The most attractive thing is that the arrival of LED lighting deserves to mean the death of light pollution. They can be easily protected, mitigated, timed and controlled. That’s why Robertson is angry: we already have the solution to light pollution, but still society can’t be bothered to do anything.

LED safety luminaires are too bright, leading to glare and excessive light pollution.

Fear of the dark is, argues Robertson, one of the reasons why it’s challenging to get people to switch off, or even reduce the brightness, of all kinds of lights—including, perhaps most importantly, streetlights in urban areas. “This fear is intrinsically human,” she writes, from experience. “But for too long, darkness has been wrongly blamed for societal issues and used as a symbol for all things evil.”

His argument is based on the fact that it is not the darkness that terrifies people; It is male violence. A colorful description of a Friday night in the Welsh valleys demonstrates that a curfew for men would be more effective than advising women to stay home after dark.

Laced with lyrical anger, All Through The Night is also an entertaining primer on humanity’s relationship with the night, including the night sky. One of the most fun chapters examines the history of stargazing. It begins with an account of witnessing a total solar eclipse in 1999—complete with a very British tale of pointlessly fiddling with eclipse glasses while thick clouds blocked the view—from beside a neolithic burial chamber.

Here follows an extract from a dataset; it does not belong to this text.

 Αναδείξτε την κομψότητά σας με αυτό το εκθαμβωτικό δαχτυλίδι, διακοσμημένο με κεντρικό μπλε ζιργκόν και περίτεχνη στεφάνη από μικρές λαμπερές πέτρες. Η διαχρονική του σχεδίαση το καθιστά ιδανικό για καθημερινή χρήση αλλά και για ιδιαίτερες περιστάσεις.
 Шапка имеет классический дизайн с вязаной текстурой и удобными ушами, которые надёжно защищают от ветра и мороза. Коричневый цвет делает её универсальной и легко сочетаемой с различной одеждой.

Robertson tells us about the growing popularity of astronomy during Covid-19 and works backwards, through Lemaître’s theories on the origin of the universe through Isaac Newton, Chinese astronomy, Native American petroglyphs, Greeks, Romans, Egyptians, Babylonians, and Neolithic sites. United Kingdom, Ireland, Turkey and Germany. ” From day one, we’ve aimed for the stars and beyond,” Robertson writes. Will we continue to wonder where the next adventure will take us if we can’t see the stars?

That astronomers are dreamers is a compelling argument. We’ve found someone who complains that we’re “wasting money” on space exploration and moon landings, and we’ve also discovered someone who never looks at the stars.

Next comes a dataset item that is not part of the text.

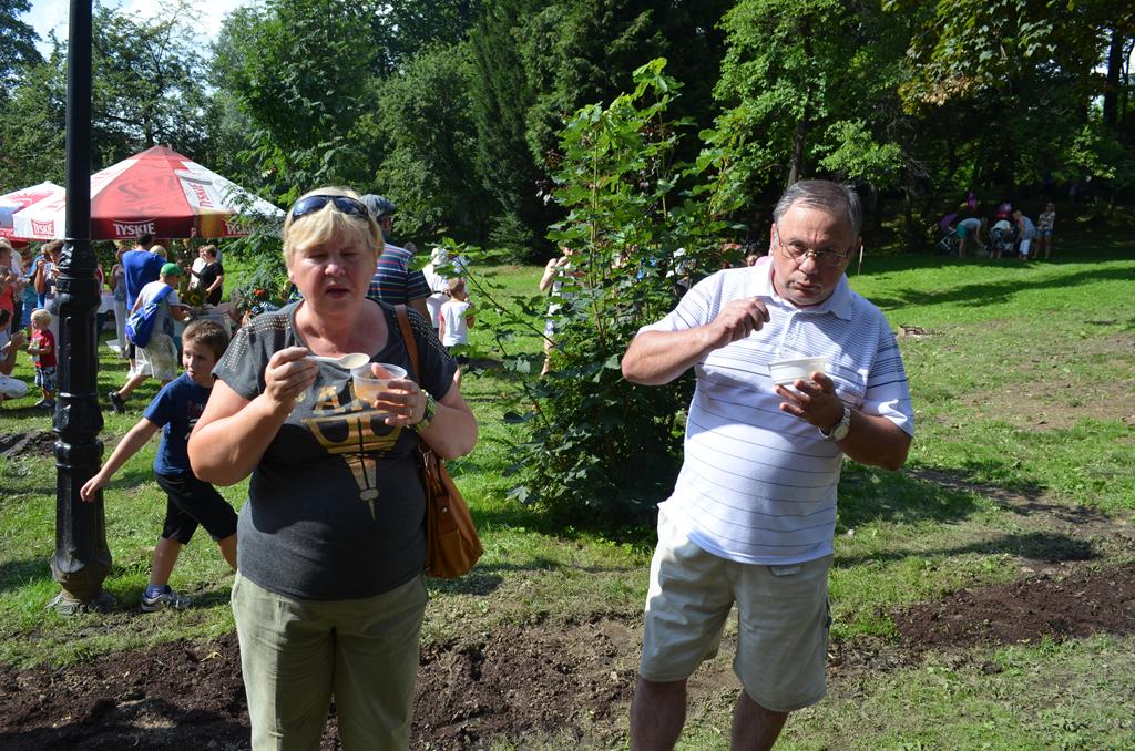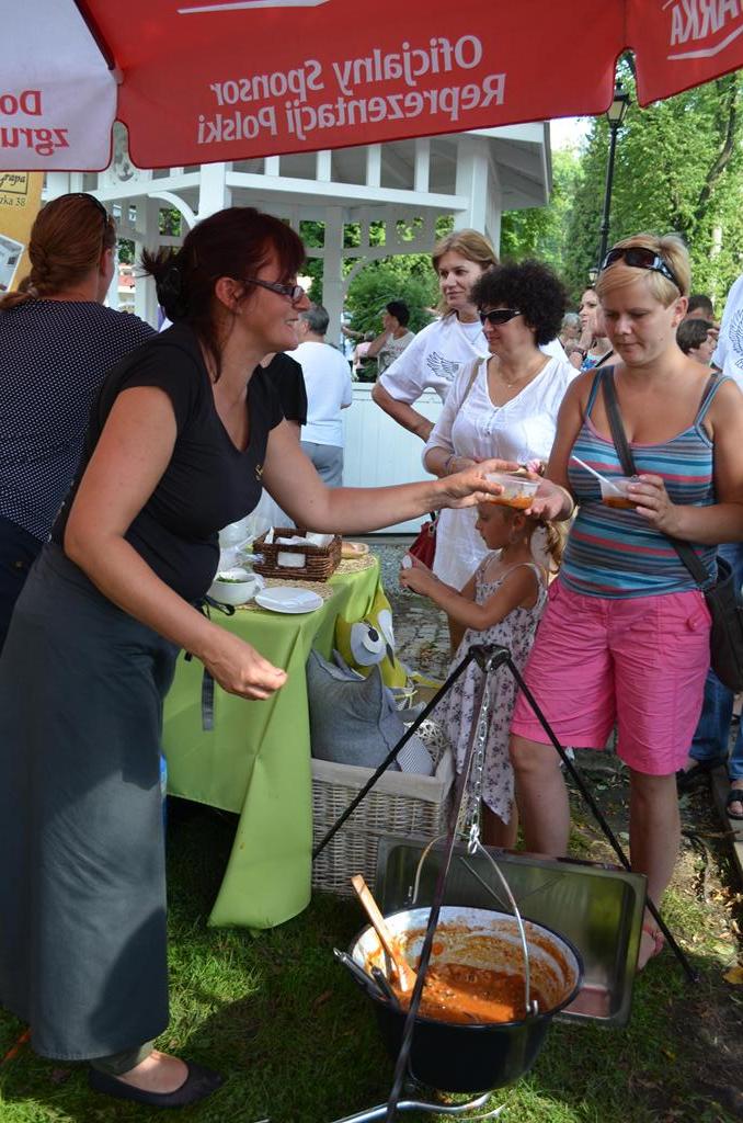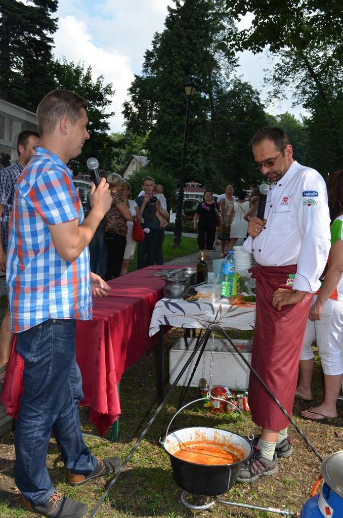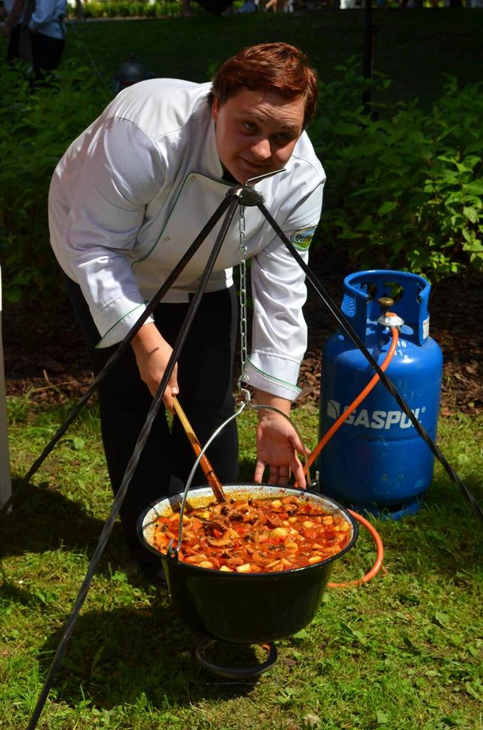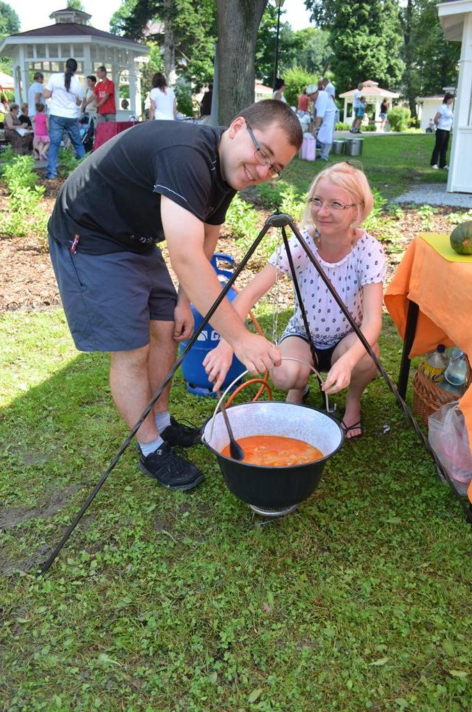 Przy pięknej słonecznej aurze, w Parku Jordanowskim w Walimiu w ubiegłą sobotę po raz drugi odbył się Sowiogórski Festiwal Gulaszu. Zapach gotujących się w bograczach gulaszy przyciągnął wielu smakoszy tej wyśmienitej potrawy. Uczestnicy konkursu na najsmaczniejszy gulasz żwawo uwijali się przy swoich kociołkach, aby na godzinę 16.00 potrawa była gotowa. Wtedy też nastąpiło smakowanie wszystkich gulaszy przez uczestników, a także przez jury. Wydano ponad 4 tysiące porcji gulaszu! Poza konkursem startowała grupa naszych przyjaciół z Węgier z Harkakötöny, gotując tradycyjny gulasz węgierski oraz Wójt Gminy Walim z swoim gulaszem doprawionym lubczykiem. Można było zjeść gulasz tradycyjny, mięsny, ale także z warzywami, z dziczyzną a nawet posmakować gulaszu z łososia i owoców morza.

Light pollutants want their moment. Eventually, it may be the next plastic in the oceans or noise pollutants (whichever is accepted by society), but for now, it’s just a niche spin-off of the crusade to reduce carbon emissions. After all, any mild pollutant is immediate evidence of wasted energy. The fact that Dark Sky parks are thriving, as well as the first Dark Sky Resort in 2023, is wonderful news, but on their own they will create dark night skies only for the travel-able elite and rural dwellers. Want more articles on the “best places for stargazing?”Unless the search for dark skies is a movement in urban areas, the night is doomed to fail.

The night sky is a playground for science and humanity, and offers a rich vein for writers, but most books on the subject lack emotion. Not so All Through The Night, a highly original book that tackles this wonderful social challenge from unforeseen angles. He’s furious about the loss of the stars, but it was born out of a love of the night that Robertson desperately seeks to share. “I need you to fall in love with the night,” she writes. I need you to protect me and fight for him before he’s gone forever. “

Here are Robertson’s Dark Sky Friendly rules— it’s as easy as the flick of a switch:

I wish you clear skies and wide-open eyes.